Thanks! I used two python libraries: requests and BeautifulSoup to loop through each page and extract the text & link to the next page. requests handles the html requests, and then BeautifulSoup gives you a way to extract parts of the page by tag. I can post a sample jupyter notebook for that if you like. I don’t know of a way to do this generally – I had to set up a loop for each overall site – one for Merck, one for MSF, etc. (Just to note - when I do something like this, I’m always extremely careful to make sure I haven’t created any infinite loops or anything else that would overwhelm the site I’m requesting from.)
At that point, I just saved files as text files (pulling some chunks over to a validation set), and ran them similarly to other language models. One thing is that the language model is quite sensitive to the proportion of text – ie: if I have 90% Merck manual, and 10% patient case studies, the generated text will sound much more like a Merck manual.
Some thoughts on what I’d like to try next: Adding a GAN (though I’m wondering how well the error signal can get back to the LSTM since it’ll be through the language generation step. Maybe a CNN generator is better??). Trying training the LSTM language model to predict the next 4 words rather than 1 (possibly a crazy though, but I’m wondering if I can make the model more accurate by making its training job more demanding). Finding a corpus of medical question/answer (possibly USMLE? ideally something with shorter/easier/more uniform questions). Using the model to do text->keywords (ie, give it a written radiology report and ask it to output a few labels). Another crazy thought, but wondering if I could do a cycle gan and go “medicalese” -> “medical language normal people could understand” -> “medicalese”. Lots of other crazy ideas (particularly trying to think if I can include images), but these are some starting points.
Let me know if anyone wants to try (any of the above, or any better ideas you might have!)
That’s amazing. I would like to try the same, Please share the notebook for the web scraping. You should build an app after you finish modelling. It would be great for the society.
Awesome work @mcleavey! @RanjeetSingh for BeautifulSoup it seems this tutorial may help https://medium.freecodecamp.org/how-to-scrape-websites-with-python-and-beautifulsoup-5946935d93fe. For my needs I also used request and I used http://lxml.de/ for scraping. A very short google search will produce many tutorials.

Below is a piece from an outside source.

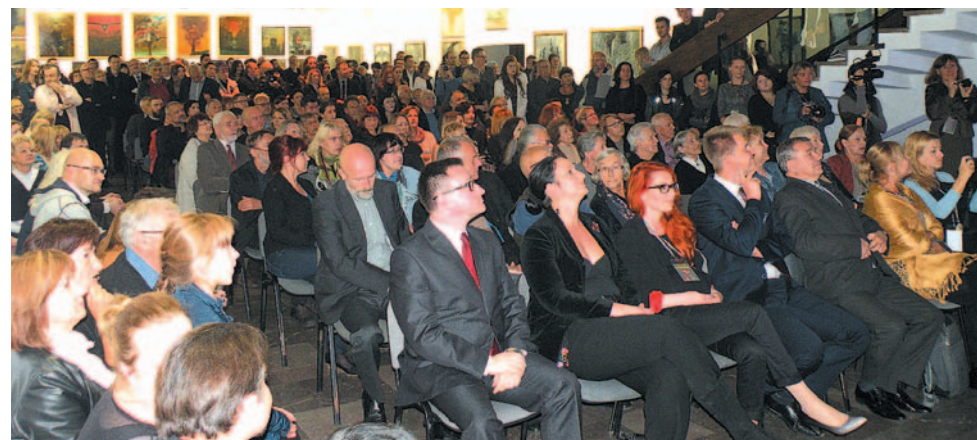
Choć na wernisażu i wykład Wiesława Banacha przybyły tłumy, nikt ze środowiska artystycznego nie podjął merytorycznej dyskusji o Beksińskim.

O bezdyskusyjnej wartości dzieł przekonana jest także szefo-

Thanks! I’ll put up a link soon for the web scraping. Just to clarify - I was never expecting that this medical text generator itself would be able to generate real medical info (it often sounds good, but is obviously not medically accurate/reliable). I’m hoping though to use this as a jumping off point for other projects & yes I’m hoping that something will turn out to be useful for society
On African Languages and Sentence Piece
– Since Africa has 2000+ languages, when I use “African” I’m probably meaning “Bantu” languages, and by Bantu languages I’m really thinking of “Nguni” languages, which is pretty much the languages of Southern Africa, in particular languages with “clicks”–
Since there aren’t many NLP resources for many African languages, I’ve been using Sentencepiece and a lot of web scraping for my chosen language of Xhosa. If I can achieve great results I’d like to publish at the least a blog post on dealing with “minority” languages which don’t currently have language models, or great language models.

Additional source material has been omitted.